Wednesday, September 21, 2005
On this day:

I wonder where the feds going with this

The Siegelman grand jury went back to work yesterday, and it sounds as if they are leaving no stone unturned:


(B'ham News) Sen. Gerald Dial, D-Lineville, said he was subpoenaed to appear before the grand jury Tuesday to discuss a 1997 bill that allowed the Talladega Superspeedway to sell alcohol on Sundays.

Siegelman was lieutenant governor when the bill was passed. Siegelman ally Dewayne Freeman, then a senator from Huntsville, was the sponsor of the legislation.

Dial said he amended the bill when it got bogged down in the Senate. He said he was asked Tuesday about the legislative process and the duties of the lieutenant governor. At the time, the lieutenant governor exercised great control over which bills were approved in the Senate.
Senator Dial sounds almost as confused as I am over how this might relate to the Siegelman investigation. From today's Mobile Register:

Dial said he didn't know why prosecutors wanted to know about the bill, which in its original form would have allowed Sunday liquor sales at the racetrack and at a golf course owned and operated by the Retirement Systems of Alabama.
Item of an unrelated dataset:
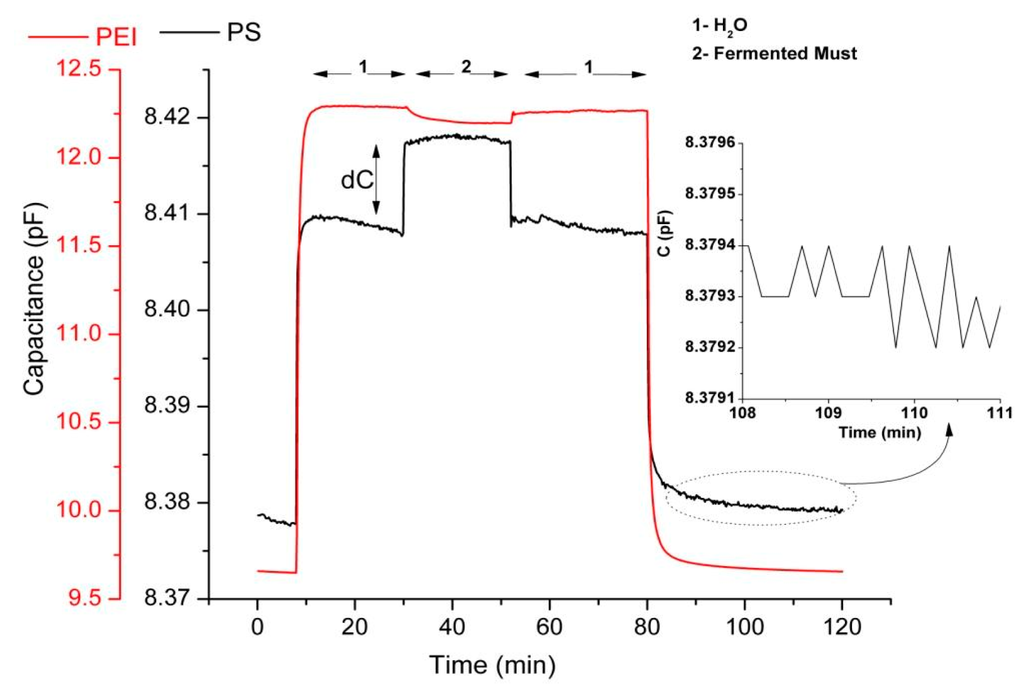 The fermentation process is a “live” ongoing process, meaning that the composition is changing with time. Every 24 h a sample is taken for the capacitance measurement and for the chemical analysis. Therefore, only one capacitance measurement is performed every day. A characteristic example of the dynamic responses of two sensors of the sensor array according to the described experimental protocol is presented in Figure 5. The responses recorded (which were also the input data for principal component analysis) are the differential equilibrium responses between the plateau capacitance value upon exposure to vapours of the examined sample (standard aqueous ethanol solutions or samples of the fermented must) and the plateau capacitance value upon exposure to vapours of pure water. By using pure water headspace as reference analyte we excluded the interference signal in the sensor response due to the high humidity concentration in fermented must (∼80% (v/v) in must and ∼85% (v/v) in wine). As shown in Figure 5 (zoom in), the measurement noise is approximately 0.0003 pF for the PS-coated sensor. Therefore, responses above 0.001 pF, according to acceptable signal to noise ratio (S/N ≥ 3), are readable. The equilibrium responses of each sensor to the headspace of the fermenting musts were recorded daily.

As Dial remembered it, operators of other golf courses in the county objected to allowing only the RSA course to sell liquor. The senator amended the bill, he said, to limit Sunday sales to the racetrack, and that's how it passed.

"I don't see how it connects to him (Siegelman), but I don't see the whole picture," said Dial.
Me, neither, but it probably boils down to "who's back did he scratch, and why did he scratch it?" Here's more from the Register.
There were at least two other witnesses Tuesday, including a woman named Debbie Taylor who arrived with an attorney. Taylor declined to provide the reason she was called to the federal courthouse in Montgomery, or to identify herself in a way that might suggest her reason for being there.

The day's other known witness was Tuscaloosa County Administrator Farrington Snipes. He arrived with a stack of files and left without them. The files contained information on road and other infrastructure projects in the county, said Snipes.

Snipes said he was asked to testify about the process by which a project originates, then receives funding, such as with assistance from state agencies. Snipes said he was asked if he knew certain people, but he would not publicly identify any of those individuals, other than to say that Siegelman was not among them.